The Lavados argue section 21115, subdivision (b) should be liberally construed to include close family members who resided while minors as regular members of an in-law’s household. This would include the Lavados because they are Emil F.’s wife’s niece and grandniece. As precedent for liberal construction, the Lavados cite In re Cox (1970) 3 Cal.3d 205, 216 [90 Cal.Rptr. 24, 474 R2d 992]. There the court construed the Unruh Civil Rights Act (Civ. Code, § 51 et seq.) as prohibiting all arbitrary discrimination, in spite of the specific categories stated in the act.
But in Cox, there were strong reasons of policy in favor of liberal construction. Here the Lavados suggest no policy as compelling as the elimination of discrimination. It is true there is a policy in favor of adoptions, at least for minors. But strict application of section 21115 will not discourage adoptions consummated for the proper reasons of love and respect. It will only discourage adoptions made for the purpose of becoming beneficiaries of the estates of unsuspecting testators.
The Lavados and Emil F. and his wife may have had a close and loving relationship. But it is not the intention of Emil F. and his wife that controls. It is the intention of the testator. At the risk of repeating ourselves, here the testator had no personal relationship with the Lavados and had no intention of benefiting them. The uncontradicted evidence of the intent of the testator is fatal to the Lavados’ claim, even in the absence of the rule of construction stated in section 21115.

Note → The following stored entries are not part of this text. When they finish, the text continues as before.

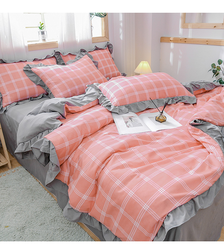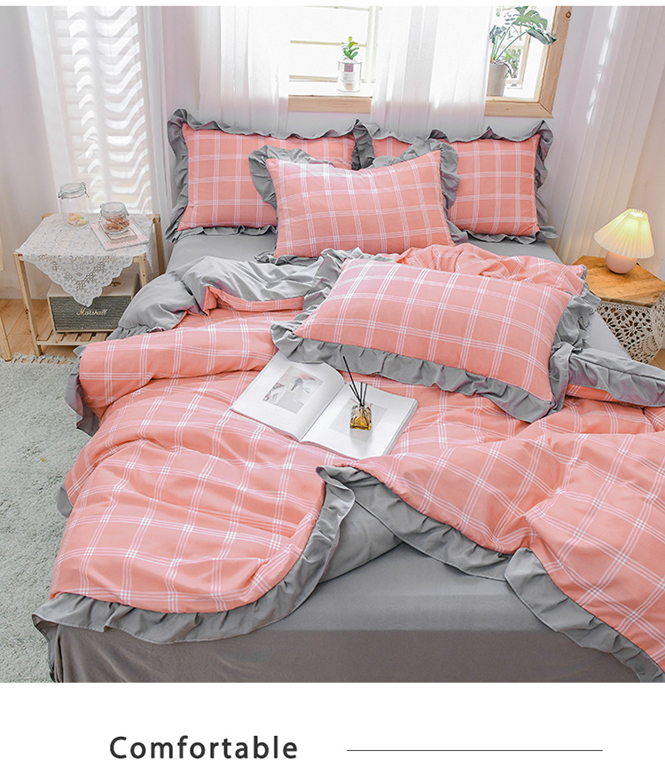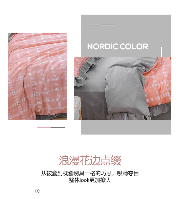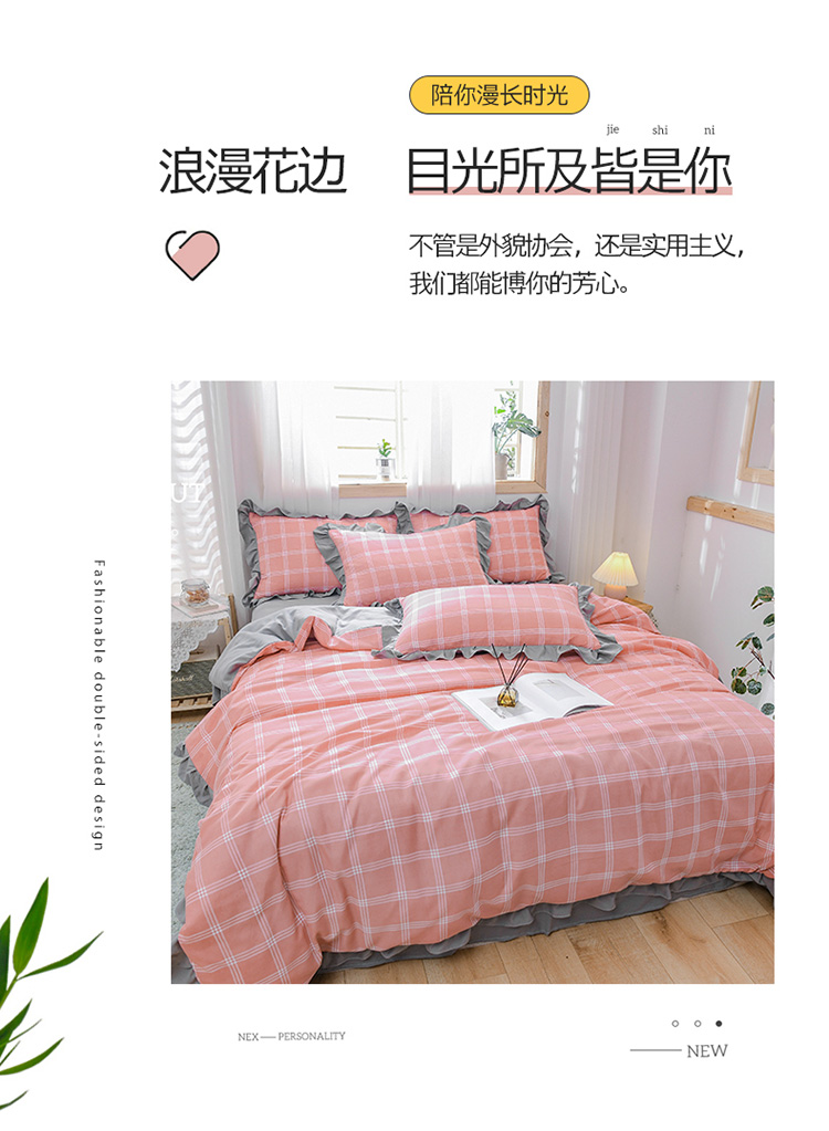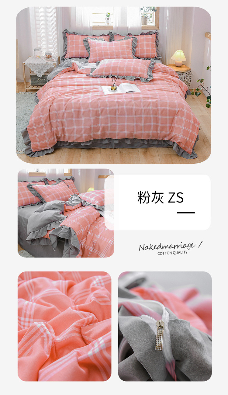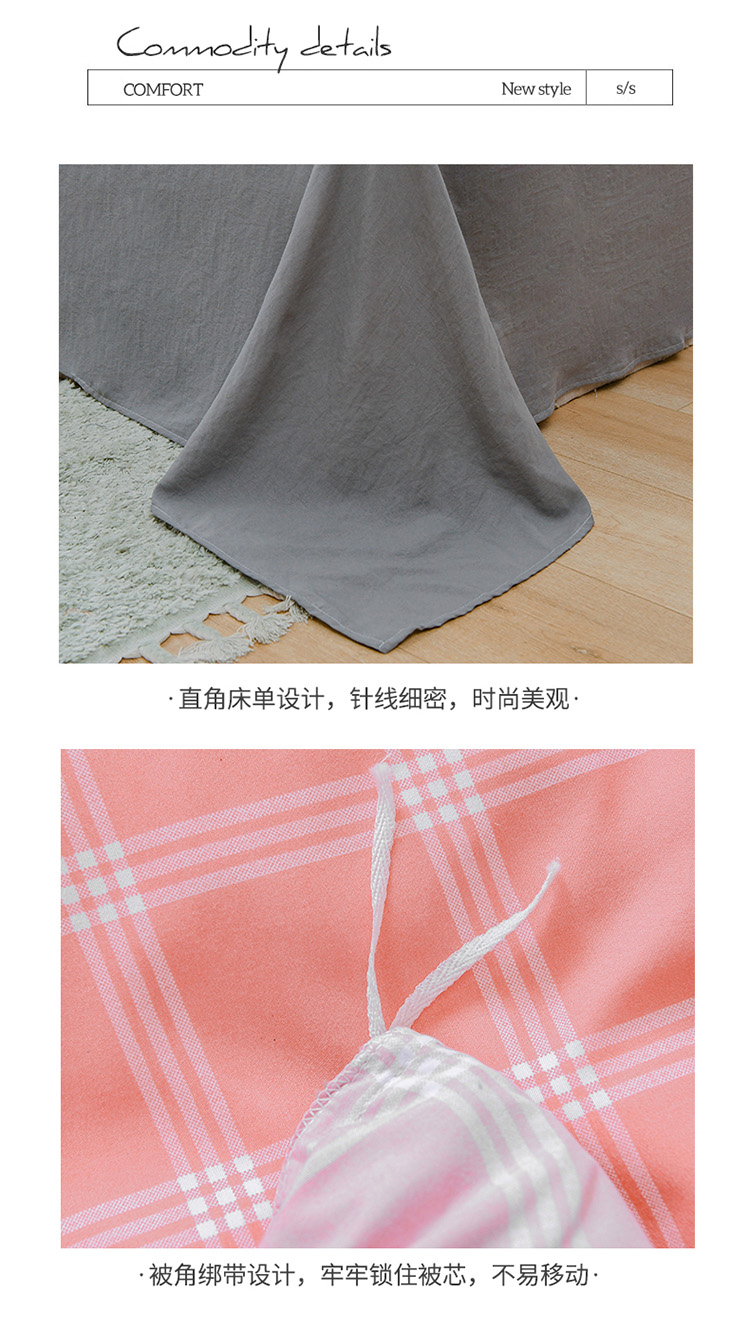商品名称:绒兔兔 2021韩版水洗棉时尚格四件套 粉灰
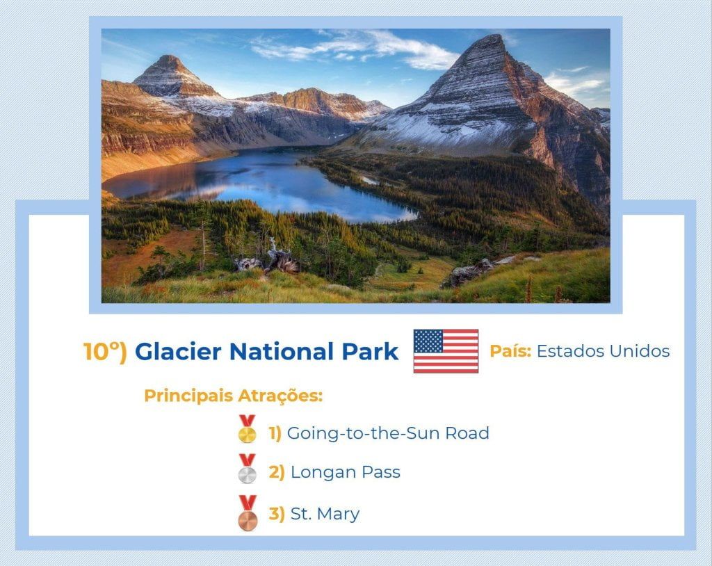 Localizado em Montana nos Estados Unidos, o parque Glacier National Park é um ecossistema com mais de 100 lagos, duas cadeias montanhosa e diversas espécies de plantas. Com mais de 1.000 km de trilhas, o parque é ideal para os amantes da trilha e camping. O passeio panorâmico pela rua Going-to-the-Sun Road, o pico Longa Pass e a lagoa St. Mary estão entre as principais atrações.
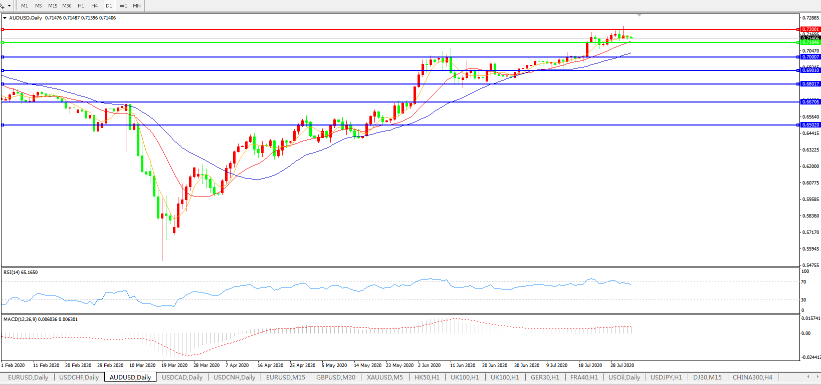澳元兑美元AUDUSD 日线图:
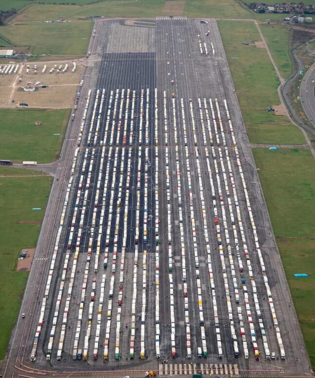 边境的关闭导致数千辆卡车在通往英吉利海峡港口的道路上排成长队,其中一些卡车装载着已经变质的新鲜农产品。
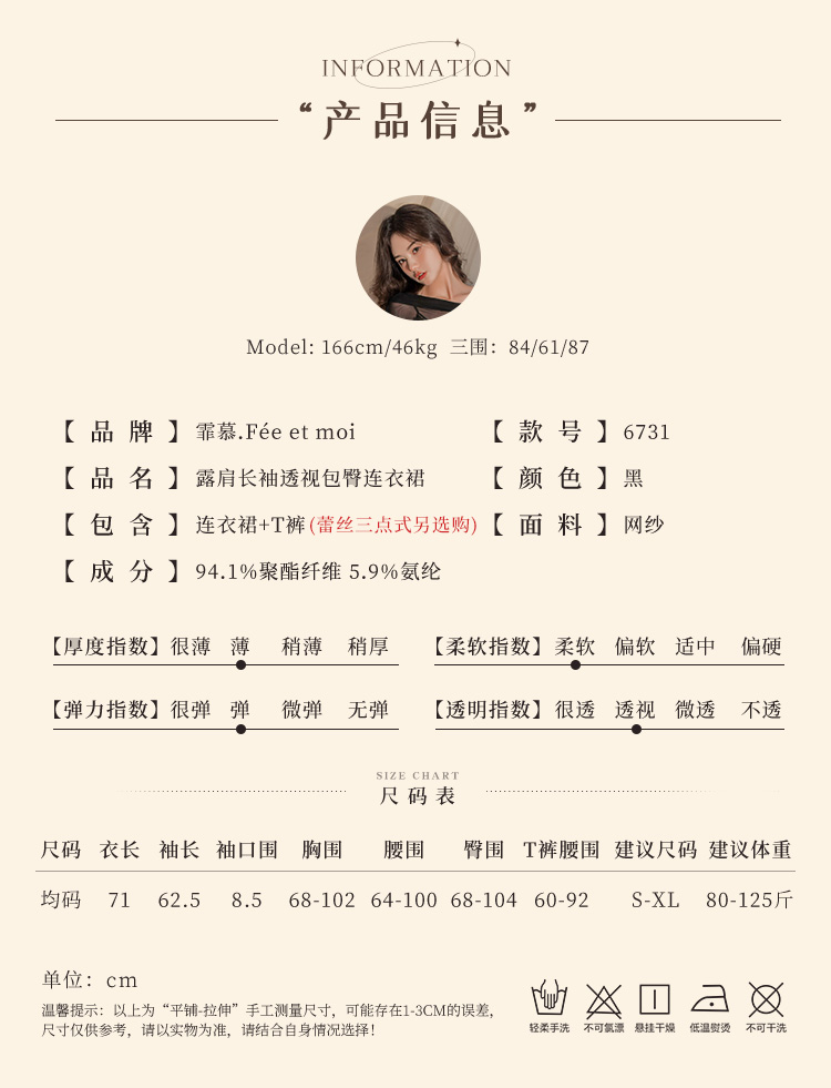 衣服很仙,蕾丝面料微透,若隐若现的,男朋友看了很惊喜,不让脱…而且质量也不错。有故事有情调
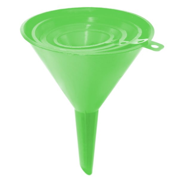Carman traktsett med 4 forskjellige trakter. Traktstørrelser 5 cm, 7,5 cm, 10 cm og 12,5 cm. Kan brukes til vindusspylevæske, oljer, bensin, etc.
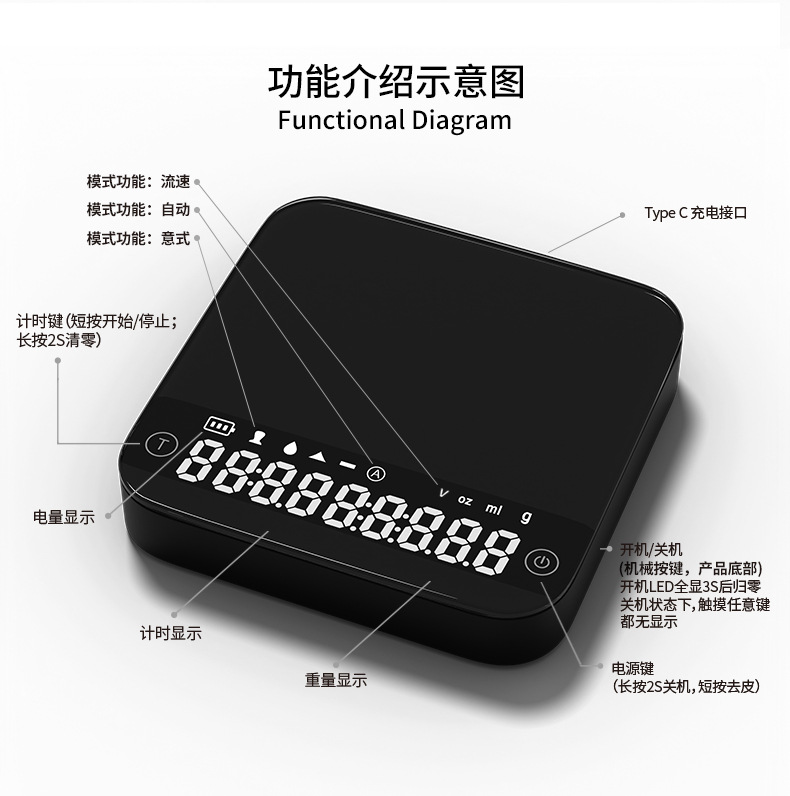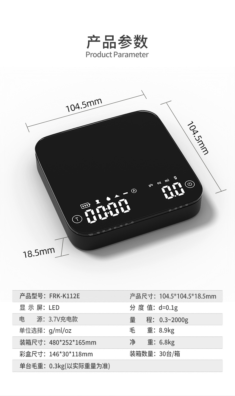 FRK 신형 미니 커피 저울 USB 유량 측정 핸드드립 커피 전자 저울 이탈리아 커피 전용 저울
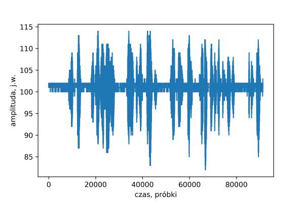 Uzyskany wykres pokazuje rysunek 8. Sygnał oscyluje wokół liczby 100. Jego wartości mieszczą się w przedziale 80…115. Oznacza to, że większość z dostępnego nam zakresu (0…255) jest niewykorzystana. Używamy jedynie przedziału o szerokości poniżej 35. Odpowiada on nieco ponad pięciu bitom danych, przy czym przesyłamy ich aż osiem. W dalszej części spróbujemy poprawić ten wynik.
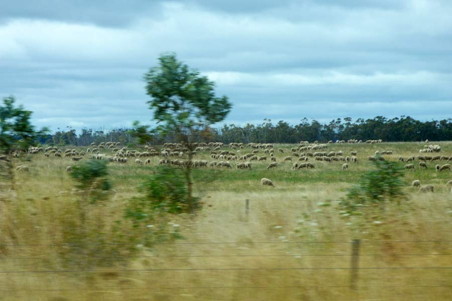 Kurz vor 14 Uhr begann dann die Weiterfahrt nach Kingston, die nur 15.30 Uhr von einer kurzen Rast unterbrochen wurde. Die Fahrt mit erlaubten 110 km/h auf dem Highway durch die recht eintönige flache Landschaft mit tausenden Schafen war recht langweilig.
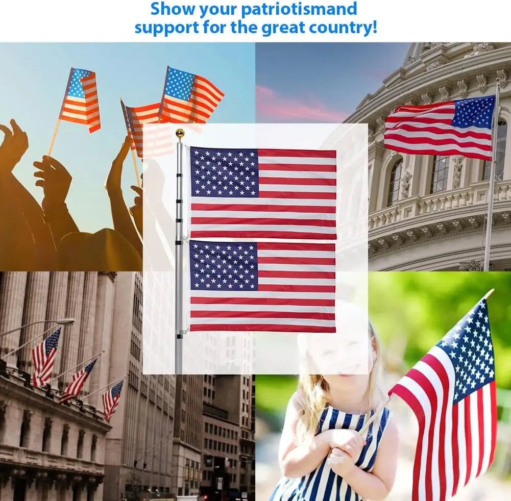 - All-in-one kit lets you install in minutes: 20ft or 25ft pole, gold ball finial, 3x5 American flag, carabiners, and a PVC ground sleeve for stable anchoring.
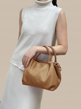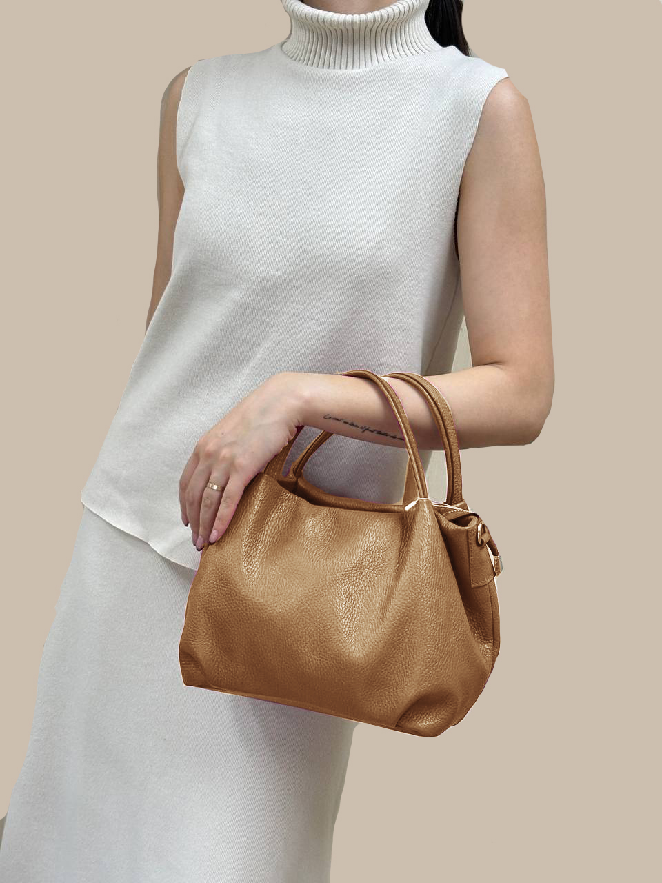Dámská kožená kabelka střední velikosti pro každodenní nošení. Tato kabelka je vyrobená z krásné kůže v hnědé barvě, která je elegantní a můžete ji zkombinovat s černou nebo bílou barvou.  Její další výhodou je, že ji můžete nosit v ruce, nebo pokud budete potřebovat mít volné ruce, můžete si připnout popruh na rameno.
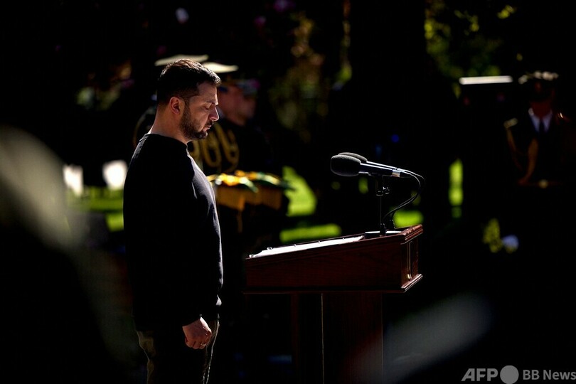 同氏は、ロシアは「侵略と併合、占領と国外追放」に加え、「大量殺人と拷問」の責任を負うと指摘し、「これらは全て、われわれの勝利、ウクライナと自由世界の勝利により報いを受けるだろう」と述べた。(c)AFP
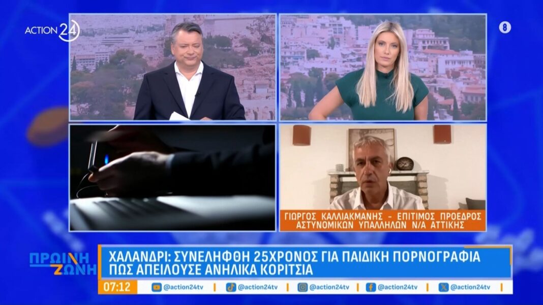 Συνελήφθη 25χρονος στον Χαλάνδρι, ο οποίος φέρεται να προέβαινε σε πράξεις παιδικής πορνογραφίας. Η αστυνομία ανακάλυψε ότι ο δράστης χρησιμοποιούσε κοινωνικά δίκτυα για να προσεγγίζει ανήλικα κορίτσια, απειλώντας τα ώστε να αποκαλύψουν προσωπικές πληροφορίες και φωτογραφίες.
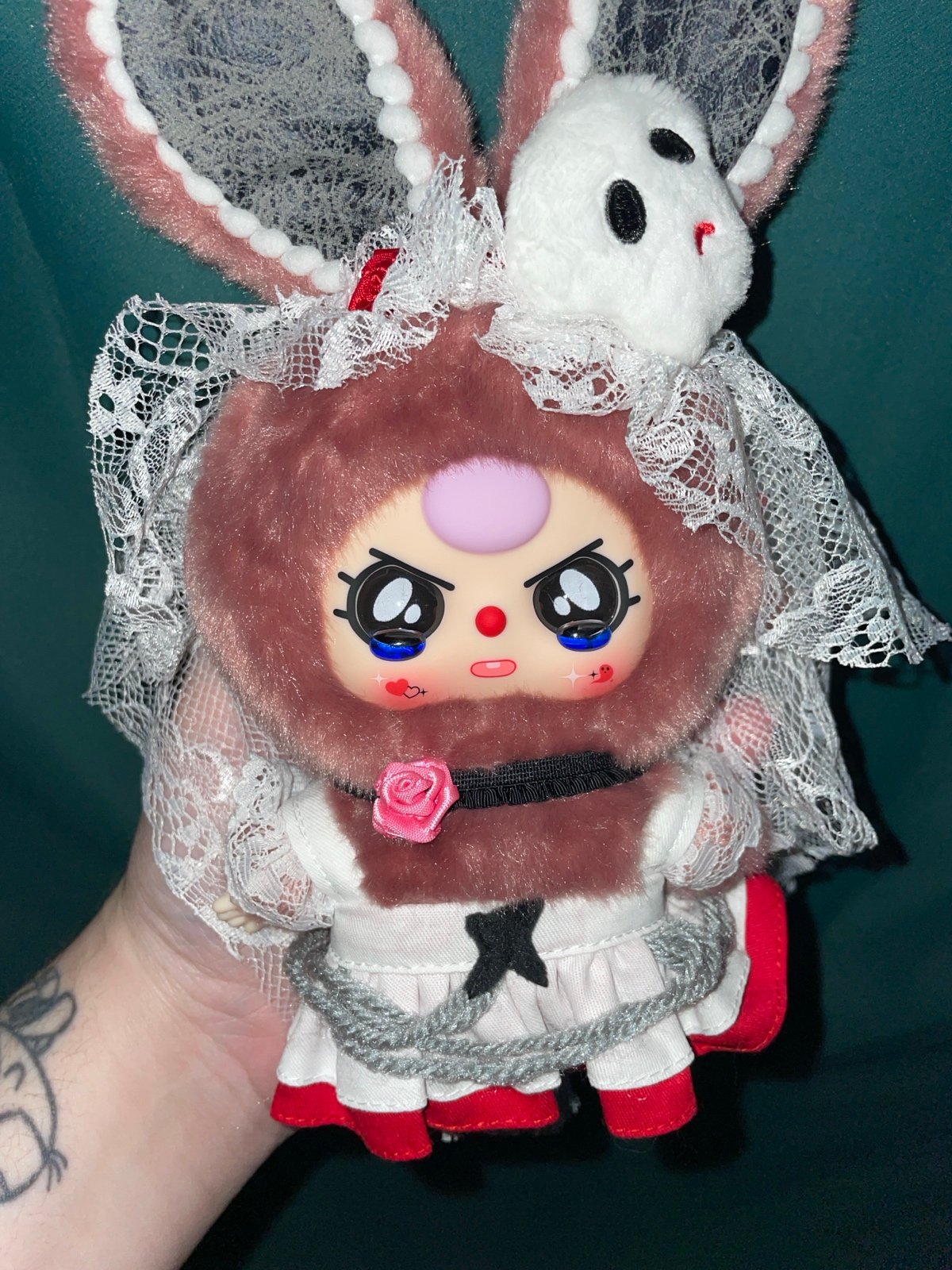 This gorgeous little widow is just begging to come home with you! She has the cutest outfit, she’s so soft, and her veil is actually huge! Her crying eyes and halloween facial markings make the perfect combination. She’d love to hang out on your bag or keys, and it’s the perfect time of year to get the halloween stuff out! She will come with her card :)
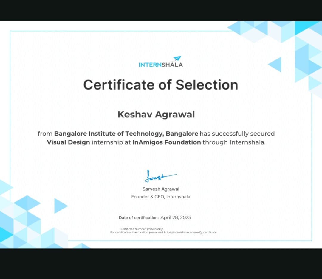 Got the internship offer at InAmigos Foundation,but was unable to join.
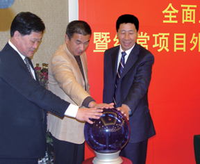 栾建胜行长、张建华董事长和王迅行长先后致辞。新华锦集团副总裁刘笃平和工行青岛分行副行长吴刚代表合作双方签署了全面业务合作协议。王迅行长、栾建胜行长和张建华董事长共同启动了象征双方紧密合作的水晶光电球。(本报记者)
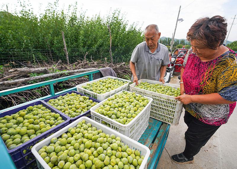 7月6日,山東省鄒平市西董街道南洞村的青李聯(lián)合農(nóng)場,果農(nóng)整理采摘的青李。

Finally, the Lavados argue the codicil to the will showed the testator’s intent that each of his three children should be able to give his or her share to whomever he or she pleases. But contrary to the Lavados’ argument, the codicil did not give each child a free hand in disposing of his share. The codicil allows the testator’s children to terminate the trust only if all living children agree. The children did not agree.
The judgment is affirmed. Costs are awarded to respondents.
Yegan, 1, and Coffee, L, concurred.
On May 25, 2004, the opinion was modified to read as printed above.
All statutory references are to the Probate Code unless otherwise stated.
James M. DeLoreto, Lillis M. Gibson, as Trustees, etc., James M. DeLoreto, Jr., Edward S. DeLoreto, William E DeLoreto and John R. DeLoreto.